La précession des équinoxes est un changement de direction de l'axe de rotation de la terre. Cet axe de rotation pointe actuellement vers l'étoile polaire, l'étoile la plus brillante de la constellation de la petite ourse. Cette précession a pour effet de provoquer un mouvement apparent des étoiles de la voûte céleste, et par conséquent de l'étoile polaire. Si l'on remonte à l'époque de la construction de la grande pyramide (v. -2650), Alpha du Dragon (aussi appelée Thuban) de la constellation du Dragon[7] était au plus proche de l'axe de rotation de la terre allant même ne s'en éloigner que de 0,5° vers -2800. De nombreux auteurs[8] affirment que, le conduit nord de la chambre du roi ou la descenderie, pointaient vers l'étoile polaire de l'époque, Alpha du Dragon. Il y a un moyen très simple de déterminer l'angle d'inclinaison d'une galerie destinée à viser l'étoile polaire. Il faut que cet angle soit égal à la latitude du lieu où se trouve cette galerie, soit ici la latitude de la pyramide de Khéops qui est de 29°58'44". Or, d'une part l'angle de la descenderie est de 26°26'46"[9], et d'autre part l'angle du conduit de ventilation nord de la chambre funéraire est de 32°30'[10].

En conclusion ni les conduits, ni la descenderie ne pointait (ou ne pointe) le pôle céleste. Aucun d'entre eux ne pointant l'étoile Alpha du Dragon.

La pyramide et l’étoile Alnitak de la constellation d’Orion[modifier | modifier le code]

Alnitak (Zeta, à gauche de la ceinture d'Orion)
Sirius en bas à gauche

Il y eut de nombreuses théories visant à faire de la pyramide un observatoire astronomique. Les couloirs de ventilation côté sud auraient pointés pour l'un (celui de la chambre de la reine) vers l'étoile Sirius, et pour l'autre (celui de la chambre du roi) vers l'étoile Alnitak. Or le couloir de ventilation sud de la chambre du roi est incliné suivant un angle de 45° par rapport à l'horizontal[11]. Il pointe donc un point du ciel dont l'altitude est égal à 45° alors que l'altitude de l'étoile Alnitak, à cette époque était de 44°23' à son zénith[12]. Un écart de moins de 1° qui ne permettait pas cependant d'avoir une visée directe de l'étoile.

La pyramide et l’étoile Sirius de la constellation du Grand Chien[modifier | modifier le code]

Une autre théorie affirme que le conduit de ventilation sud de la chambre de la reine pointait l'étoile Sirius qui, à l'époque avait une altitude à sa culmination de 37°10'[13]. Or ce conduit, incliné de 38°28'[14], pointe un endroit du ciel dont l'altitude est égale à cette valeur angulaire, une position différente de Sirius de plus d'un degré.

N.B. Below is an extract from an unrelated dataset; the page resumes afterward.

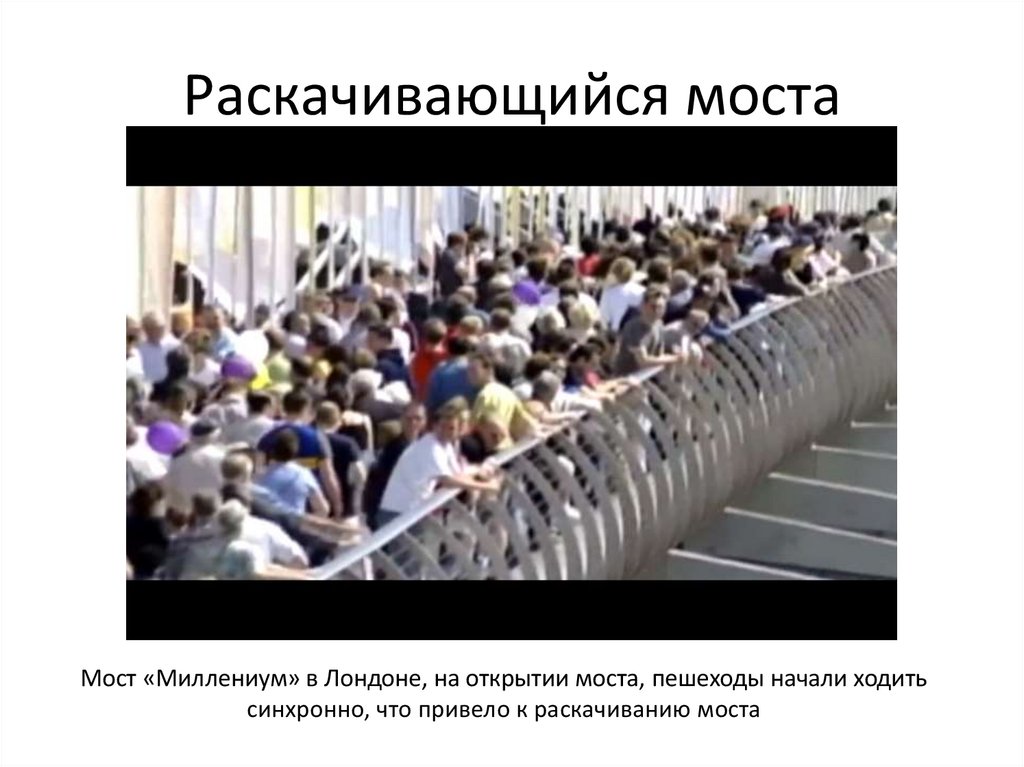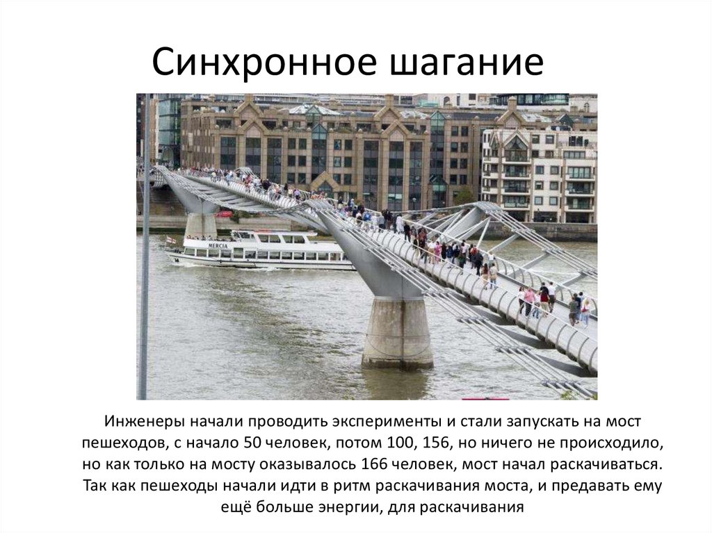синхронизироваться и как это может повлиять на раскачивание мостов;

Toutes les étoiles du ciel (hormis l'étoile polaire) ont un mouvement apparent dû à la rotation de la terre sur elle-même, rotation complète effectuée en 24 heures. Ce mouvement implique que, si une étoile (Sirius ou Alnitak) était effectivement visée, alors le but n'était atteint que durant quelques dizaines de secondes, les étoiles étant animées de ce mouvement apparent qui semble les faire parcourir le ciel nocturne. De plus, les deux étoiles n'atteignent pas leur zénith en même temps, Sirius étant d'abord dans l’axe du couloir sud de la chambre de la reine, puis c’est au tour d’Alnitak d’être dans l’axe du conduit sud de la chambre du roi.

Enfin, il faut noter dans le cas où ce fut l'intention des constructeurs de viser ces étoiles, le fait étrange que les conduits de la chambre de la reine n'étaient pas rectilignes mais accusent au contraire un changement d'axe et de surcroit ils étaient bouchés au niveau de la chambre et s'arrêtent à quelques mètres de la surface du monument rendant toute observation de ce fait impossible. De plus dans l'hypothèse d'un changement de plan dans la construction, les rôles différents attribués aux conduits de la chambre du roi et de la chambre de la reine cadrent mal avec un projet calculé sur les astres.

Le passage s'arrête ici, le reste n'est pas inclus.